### Work task
Take the lines of the data below from the very first through the line containing "Bir süre sonra" and output them exactly, pictures excluded.

Provided information: Begin

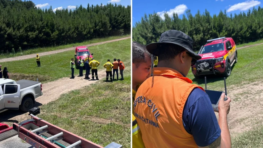 “Toda a área de possível ocorrência, inclusive a área ampliada para varredura, foi conferida por meio de buscas terrestres e aéreas, com apoio de drones com imageador térmico, não sendo localizado nenhum indício de queda”, destacou o CBMSC.
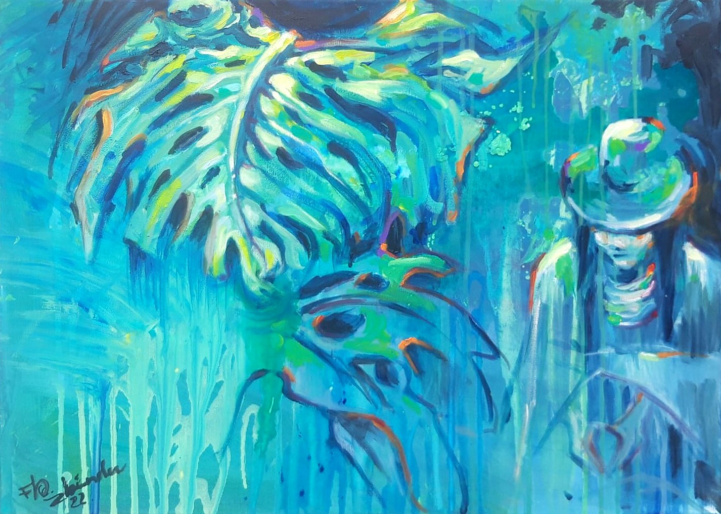 « La peinture est devenue mon exutoire, mon moyen de lâcher prise. Je laisse seulement mon intuition et mes sentiments me guider à travers les formes et les couleurs. J’ai besoin d’exprimer, parfois de crier, un monde intérieur, mes émotions, des paysages imaginaires en m’inspirant de la nature et parfois du monde de l’esprit. »
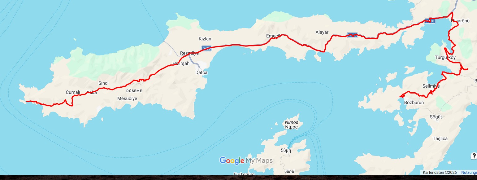 Strecke: Bozburun– 125 km, 16 Grad wechselhaft
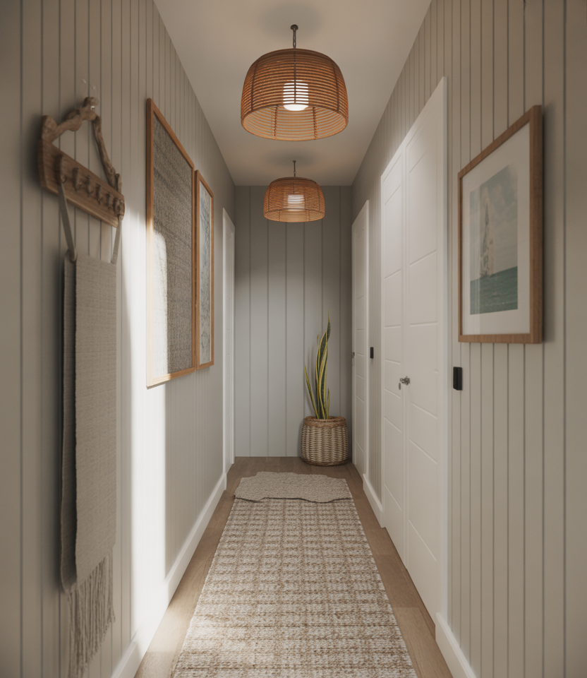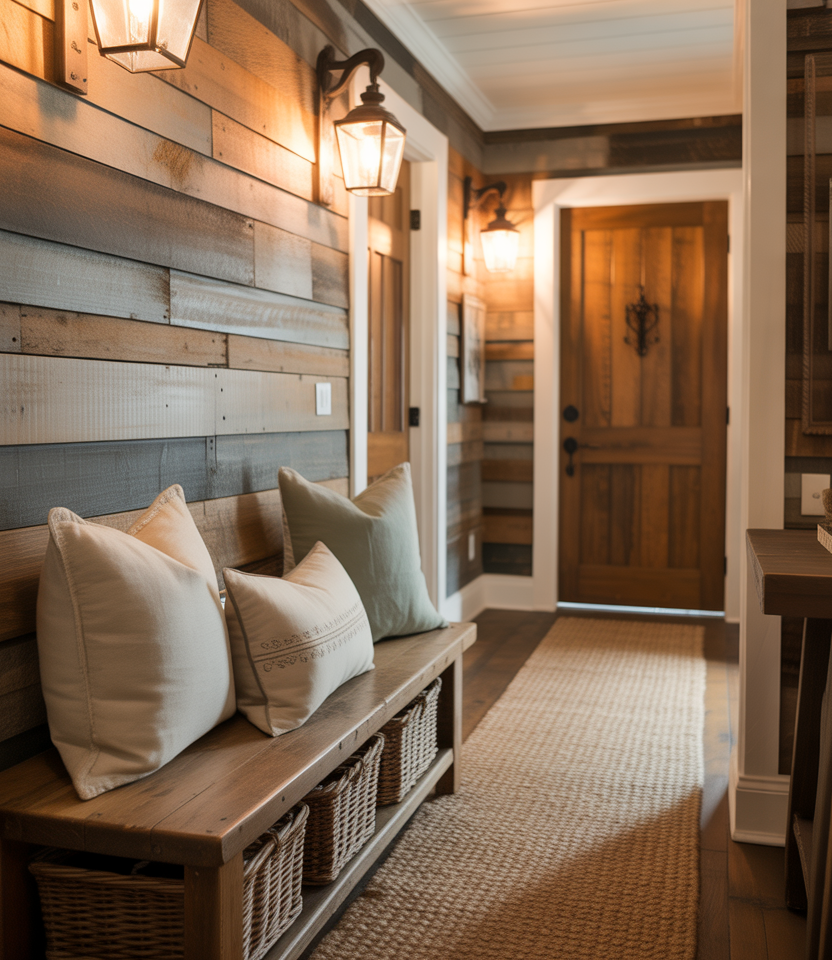 A rustic farmhouse hallway combines reclaimed wood, neutral colors, and cozy textures—perfect for a welcoming entry or upstairs landing. A friend installed a sliding barn-inspired accent in a long corridor, and the charm was instant. This style is equally at home in urban apartments longing for warmth or rural homes celebrating simplicity.
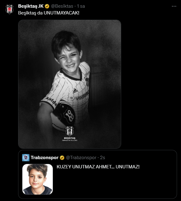 Bir süre sonra Beşiktaş, Trabzonspor'un paylaşımını alıntılayarak ve Ahmet Minguzzi'nin Beşiktaş formalı fotoğrafını da ekleyerek "Beşiktaş da unutmayacak!" paylaşımı yaptı.
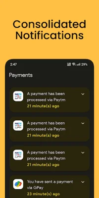 Payment Alerts (UPI Apps) is a mobile application designed to simplify and streamline your financial transactions. With its key features, you can easily monitor your transactions in real-time, generate QR codes for easy payments, and schedule alerts according to your preferences. The app also offers a consolidated view of all your transaction notifications from various sources, ensuring a hassle-free experience.
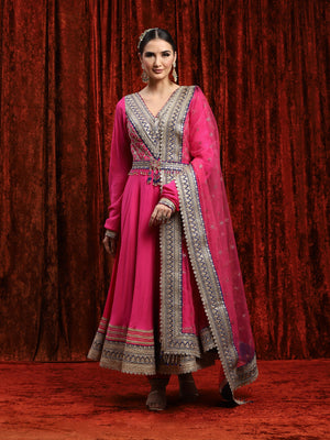Indulge in the regal allure of our rani pink silk chanderi anarkali suit, accentuated with vibrant electric blue detailing for a modern twist. Embellished with exquisite gota, dori, badla and kasab work, this ensemble exudes opulence. Paired with a delicate net duppata and churidar, it offers a complete traditional look. To elevate the silhouete, a belt feturing delicate tassel detailing cinches the waist, adding a graceful flourish to one's look.

Provided information: End

### Answer to the exercise
 “Toda a área de possível ocorrência, inclusive a área ampliada para varredura, foi conferida por meio de buscas terrestres e aéreas, com apoio de drones com imageador térmico, não sendo localizado nenhum indício de queda”, destacou o CBMSC.
 « La peinture est devenue mon exutoire, mon moyen de lâcher prise. Je laisse seulement mon intuition et mes sentiments me guider à travers les formes et les couleurs. J’ai besoin d’exprimer, parfois de crier, un monde intérieur, mes émotions, des paysages imaginaires en m’inspirant de la nature et parfois du monde de l’esprit. »
 Strecke: Bozburun– 125 km, 16 Grad wechselhaft
 A rustic farmhouse hallway combines reclaimed wood, neutral colors, and cozy textures—perfect for a welcoming entry or upstairs landing. A friend installed a sliding barn-inspired accent in a long corridor, and the charm was instant. This style is equally at home in urban apartments longing for warmth or rural homes celebrating simplicity.
 Bir süre sonra Beşiktaş, Trabzonspor'un paylaşımını alıntılayarak ve Ahmet Minguzzi'nin Beşiktaş formalı fotoğrafını da ekleyerek "Beşiktaş da unutmayacak!" paylaşımı yaptı.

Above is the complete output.